* DATA SHOWN:
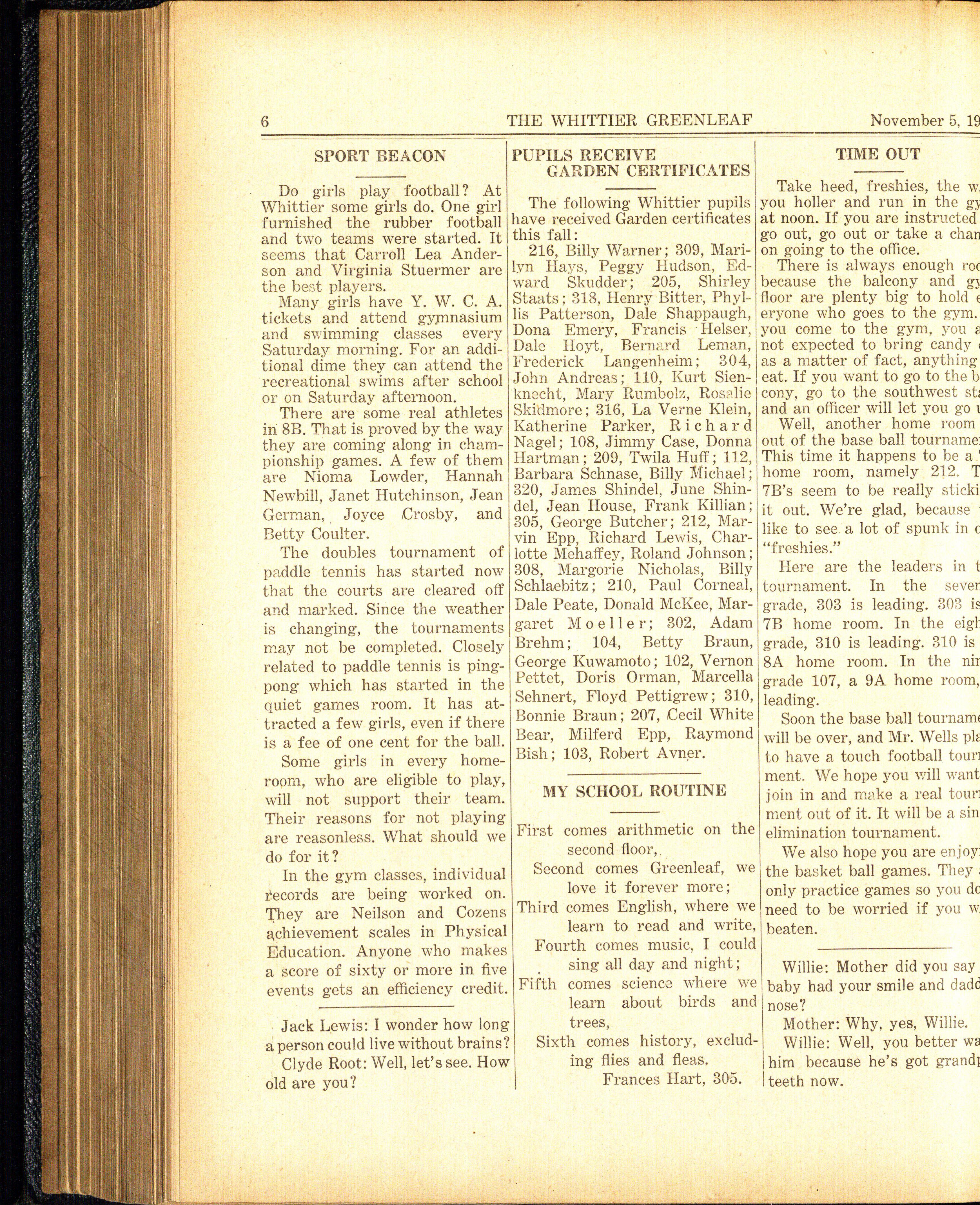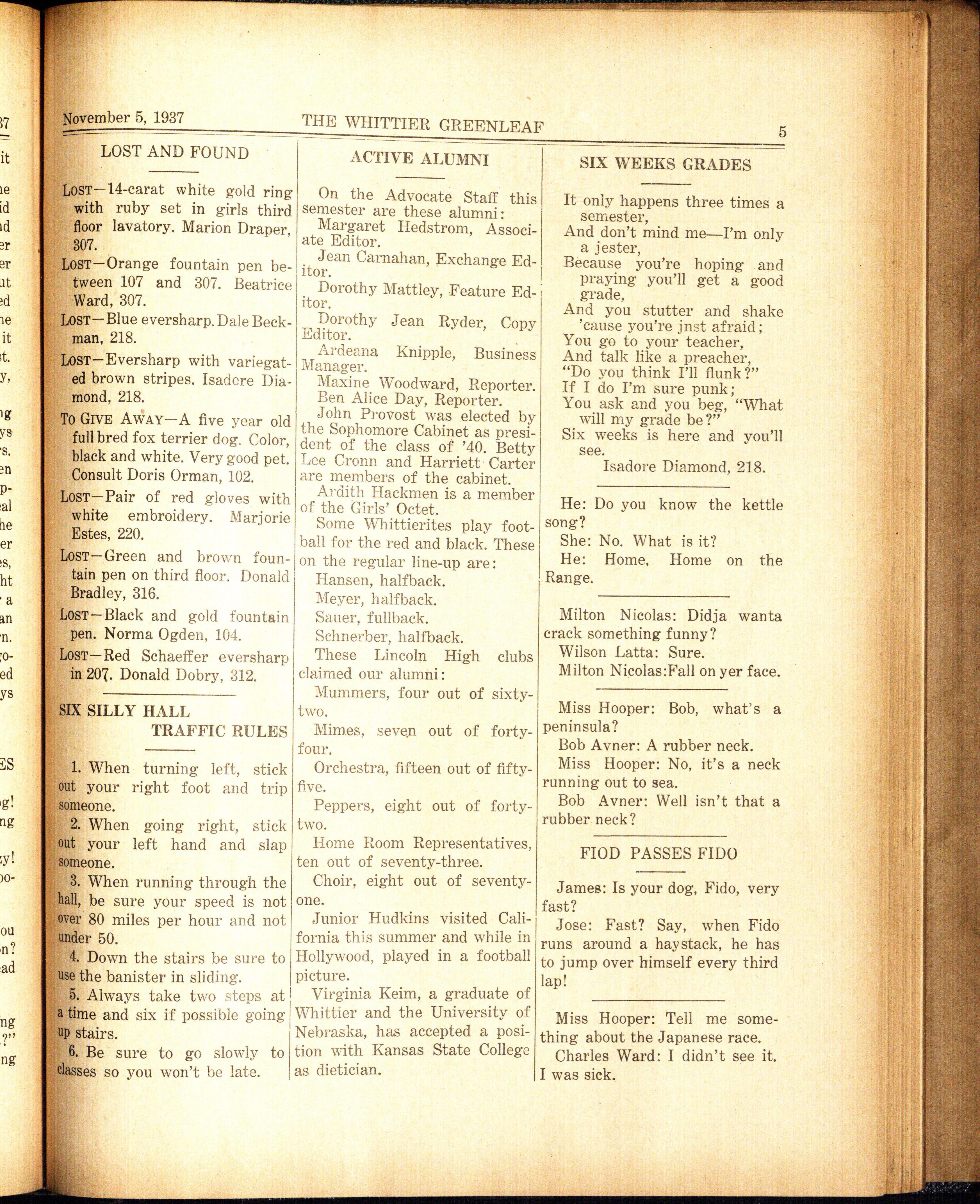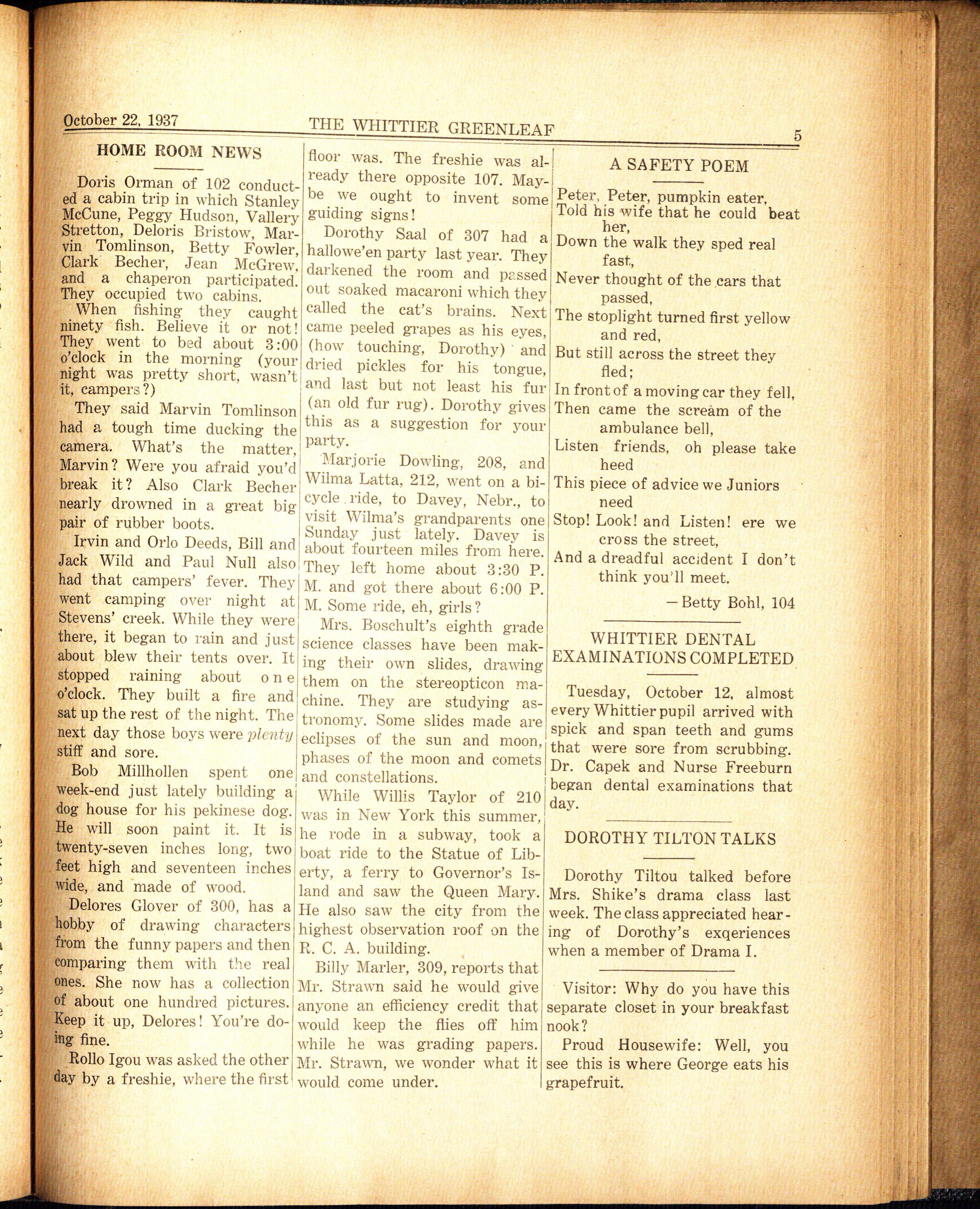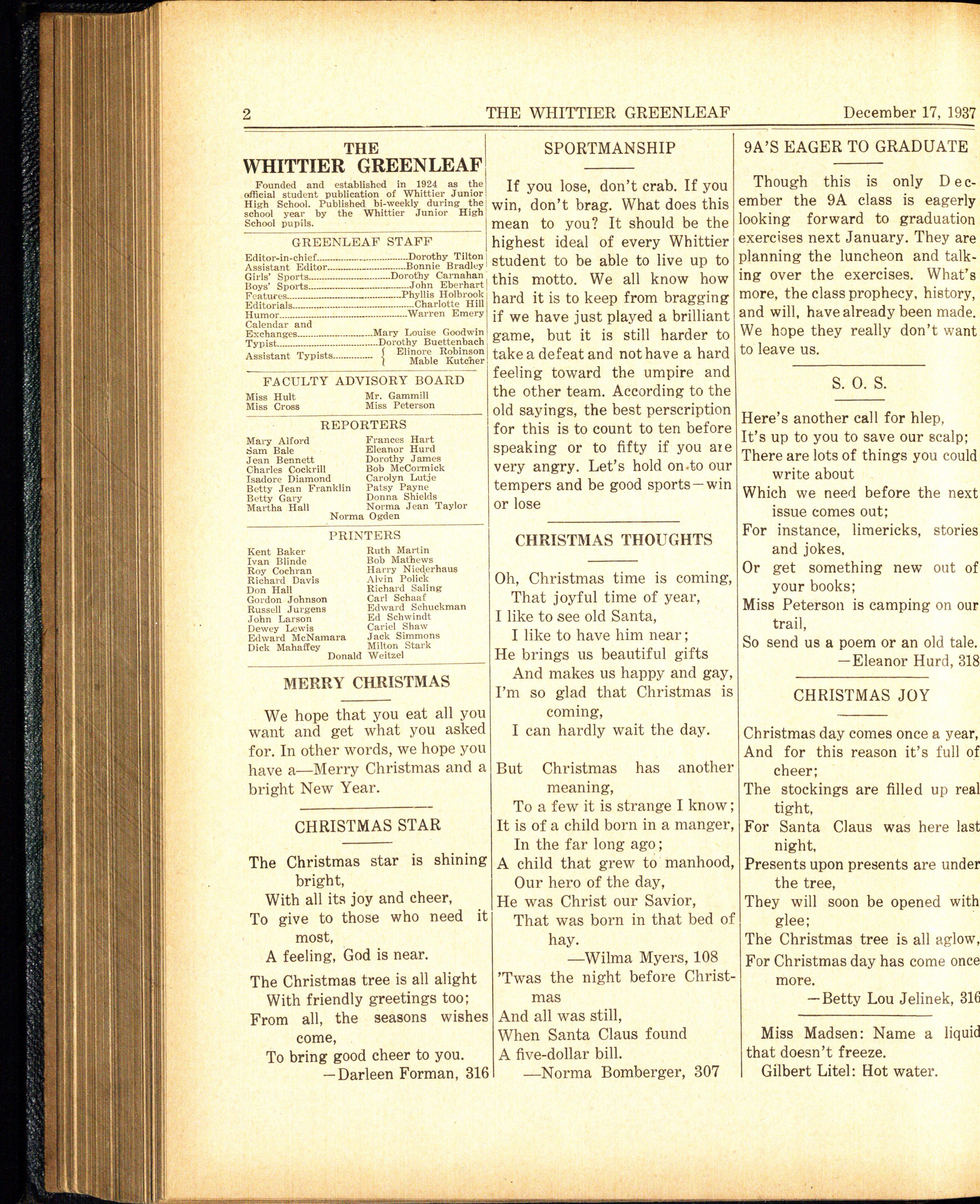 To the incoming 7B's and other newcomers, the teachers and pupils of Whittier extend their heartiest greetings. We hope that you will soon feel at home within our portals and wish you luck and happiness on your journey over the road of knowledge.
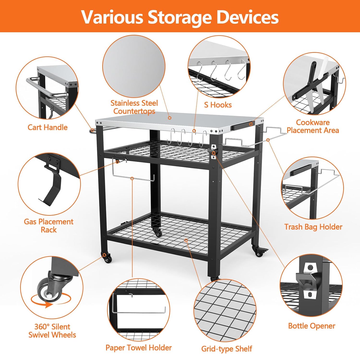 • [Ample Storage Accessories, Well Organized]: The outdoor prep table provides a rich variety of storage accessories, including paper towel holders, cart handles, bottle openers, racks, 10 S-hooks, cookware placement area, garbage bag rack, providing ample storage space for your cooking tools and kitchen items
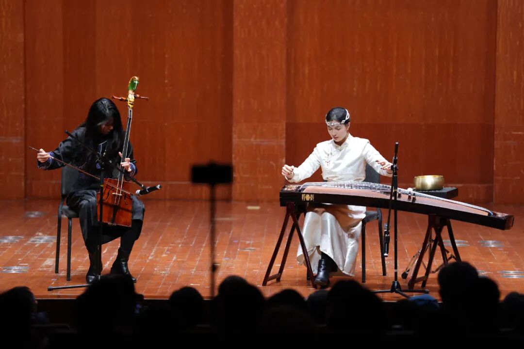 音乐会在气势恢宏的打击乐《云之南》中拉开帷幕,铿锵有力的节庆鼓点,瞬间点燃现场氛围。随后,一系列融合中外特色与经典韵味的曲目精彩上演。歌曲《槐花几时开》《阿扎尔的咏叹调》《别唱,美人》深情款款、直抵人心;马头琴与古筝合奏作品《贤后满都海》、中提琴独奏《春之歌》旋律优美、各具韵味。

* WORK INSTRUCTION:
Please repeat the lines that run from the one holding "and kitchen items" to the last line of the material, both included, exactly and without pictures.

* RESPONSE:
 • [Ample Storage Accessories, Well Organized]: The outdoor prep table provides a rich variety of storage accessories, including paper towel holders, cart handles, bottle openers, racks, 10 S-hooks, cookware placement area, garbage bag rack, providing ample storage space for your cooking tools and kitchen items
 音乐会在气势恢宏的打击乐《云之南》中拉开帷幕,铿锵有力的节庆鼓点,瞬间点燃现场氛围。随后,一系列融合中外特色与经典韵味的曲目精彩上演。歌曲《槐花几时开》《阿扎尔的咏叹调》《别唱,美人》深情款款、直抵人心;马头琴与古筝合奏作品《贤后满都海》、中提琴独奏《春之歌》旋律优美、各具韵味。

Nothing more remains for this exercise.